I need not address the defendant's remaining arguments. For the foregoing reasons, the defendant's motion to dismiss for failure to state a claim is GRANTED.

Dated this 22nd day of July, 1996.

1. Pursuant to 28 U.S.C. § 636(c), the parties have consented to have United States Magistrate Judge David M. Cohen conduct all proceedings in this case, including trial, and to order the entry of judgment.

2. John Dalton, Secretary of the Navy, has responded to the plaintiff's complaint as and for the defendant.

3. An "appropriate authority" includes the agency itself, or the Merit Systems Protection Board or United States Court of Appeals for the Federal Circuit where those entities have authority to review the agency's determination. United States v. Fausto, 484 U.S. 439, 454 (1988); see also 5 C.F.R. § 550.803 (further defining "appropriate authority").

4. The defendant also argues that this court is not an appropriate authority within the meaning of the Back Pay Act. However, under the Back Pay Act this court need not be an appropriate authority; rather the entity that allegedly found the personnel action to be unjustified or unwarranted must enjoy "appropriate authority" status. See Fausto, 484 U.S. at 154.

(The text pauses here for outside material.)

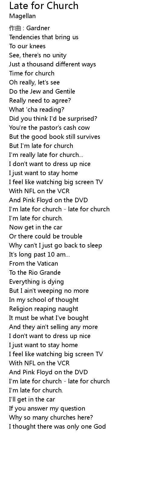 | 歌曲 | Late for Church |
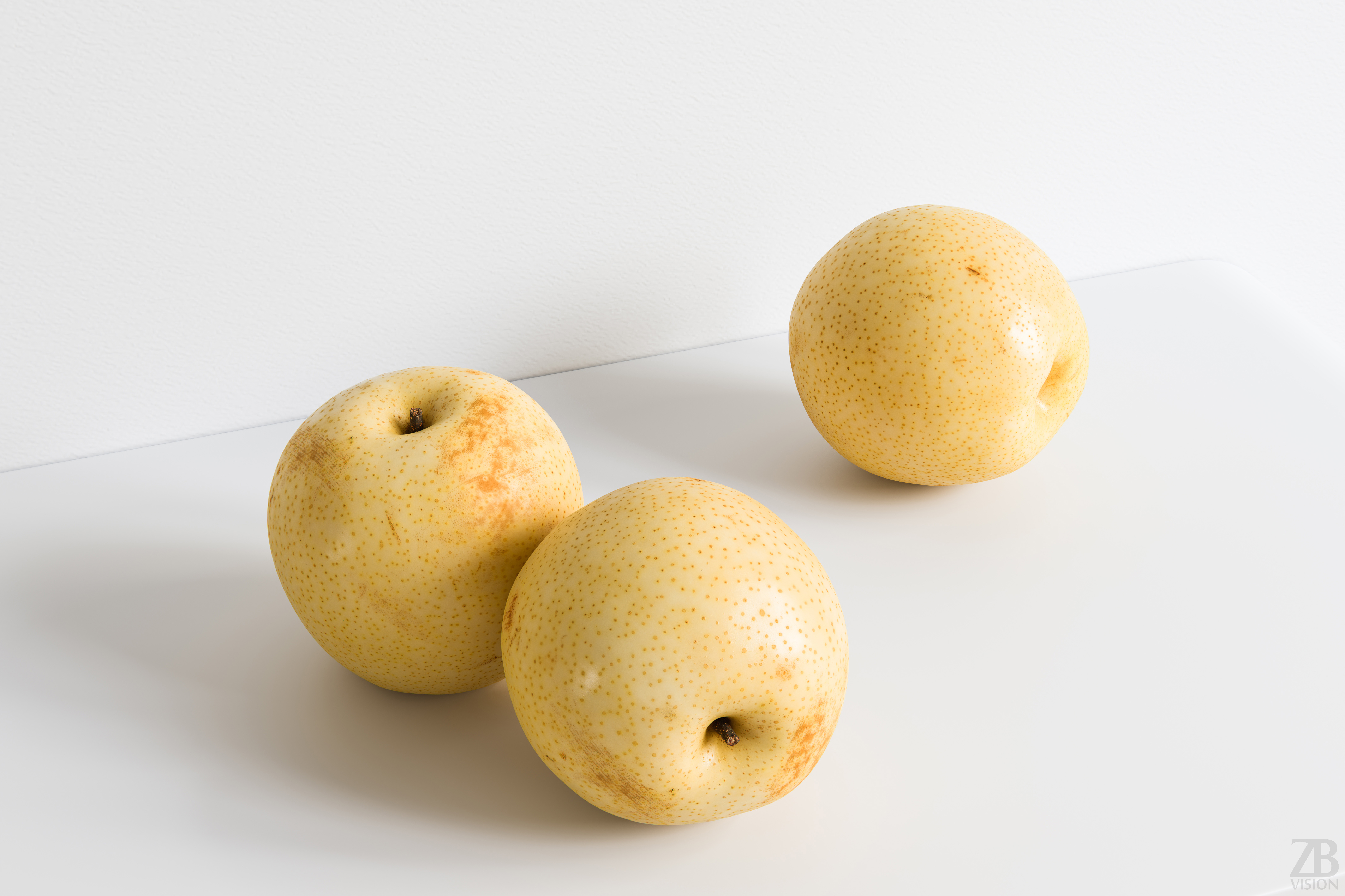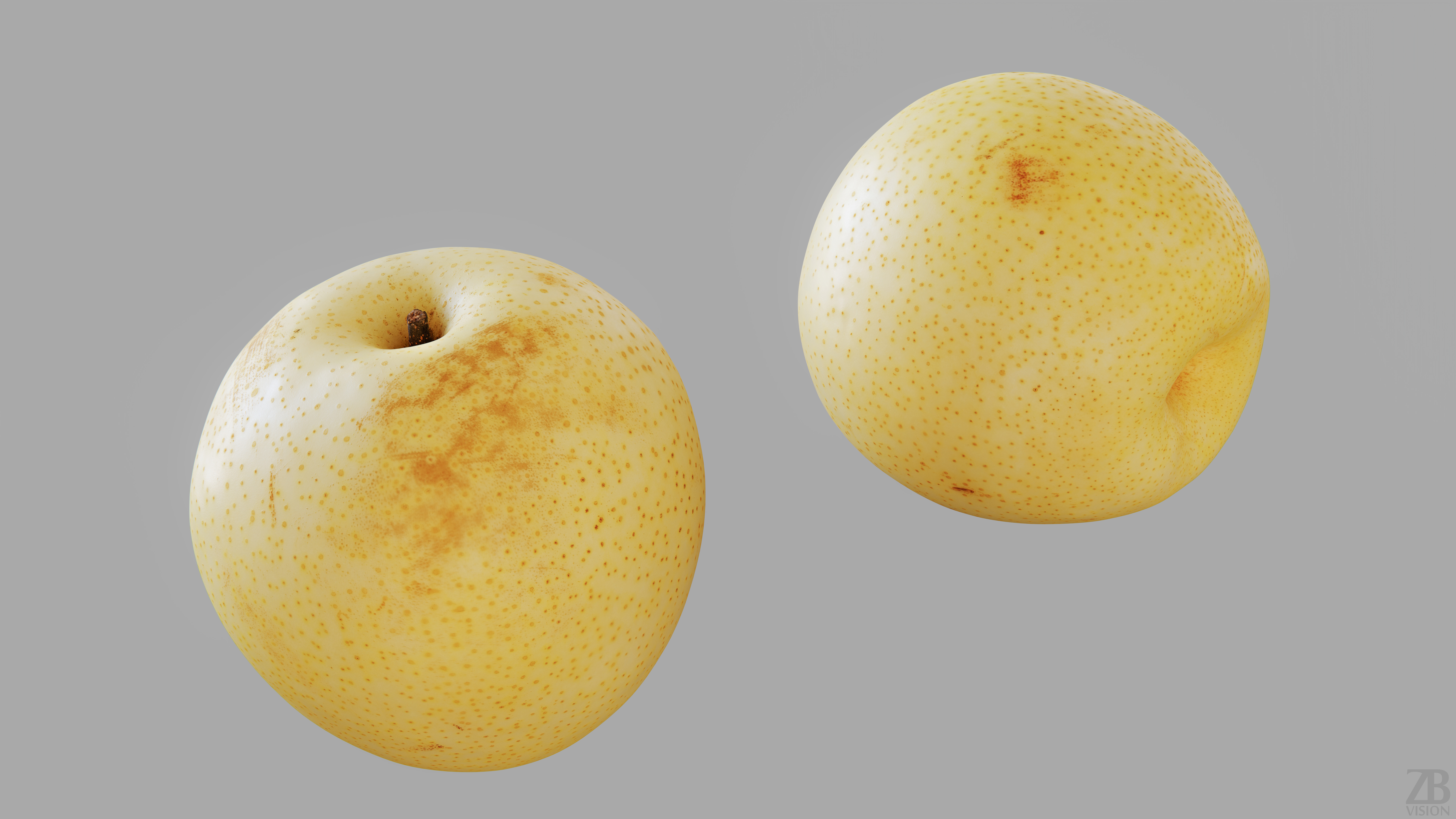All preview images were rendered with Corona. You will get only the chinese pear and not the scenes used for the preview renders. Please also take into consideration that the preview images are the result of the post-production and the look of nashi pear 3d model in your scene may differ due to the specific settings of your own scene. Product is ready to render out-of-the-box. Please note that the lights, cameras, and any background not described above objects are not included in the product. The model is clean and alone in the provided files, centered at origin and has real-world scale.

5. Congress has defined the term "personnel action" elsewhere in the United States Code applicable in each instance to specifically noted circumstances. 5 U.S.C. §§ 2302(a)(2)(A) (personnel actions by certain executive agency or Government Printing Office employees may not be based on proscribed reasons) (incorporated by reference at 5 U.S.C. §§ 2303(a) (personnel actions by certain FBI employees may not be based on proscribed reasons), 3303(a)(4) (political recommendations may not be considered in taking personnel actions regarding certain employees)); 10 U.S.C. § 1587(a)(3) (personnel actions by certain armed forces members or civilian employees of armed forces may not be based on proscribed reasons); 22 U.S.C. § 3905(a)(2) (personnel actions with respect to career Foreign Service members and candidates shall be made in accordance with merit principles). Although the definition in 22 U.S.C. § 3905(a)(2)(B) includes a recommendation that a measure be taken, it cannot fairly be read as encompassing the mere issuance of notice. The other sections require some change in the employee's status, or at least a decision concerning the employee's pay, benefits or awards. 5 U.S.C. §§ 2302(a)(2)(A), 2303(a)(2), 3303(a)(4); 10 U.S.C. § 1587(a)(3).

6. Employees given notice of a proposed removal or suspension usually remain in a duty status in their regular position during the advance notice period. 5 C.F.R. § 752.404(b)(3). "In those rare circumstances where the agency determines that the employee's continued presence in the workplace during the notice period may pose a threat to the employee or others, result in loss of or damage to Government property, or otherwise jeopardize legitimate Government interests, the agency may," inter alia, assign the employee to other duties where his or her presence no longer poses such a threat. Id. § 752.404(b)(3)(i). In such cases, however, any effect on the employee's pay, allowances or differentials would flow from the reassignment, not from the notice itself.

7. Assuming, arguendo, that placing the plaintiff in Reserve Manpower constitutes a personnel action that adversely affected his pay, allowances or differentials, the plaintiff fails to allege that an appropriate authority found that action to be unjustified or unwarranted.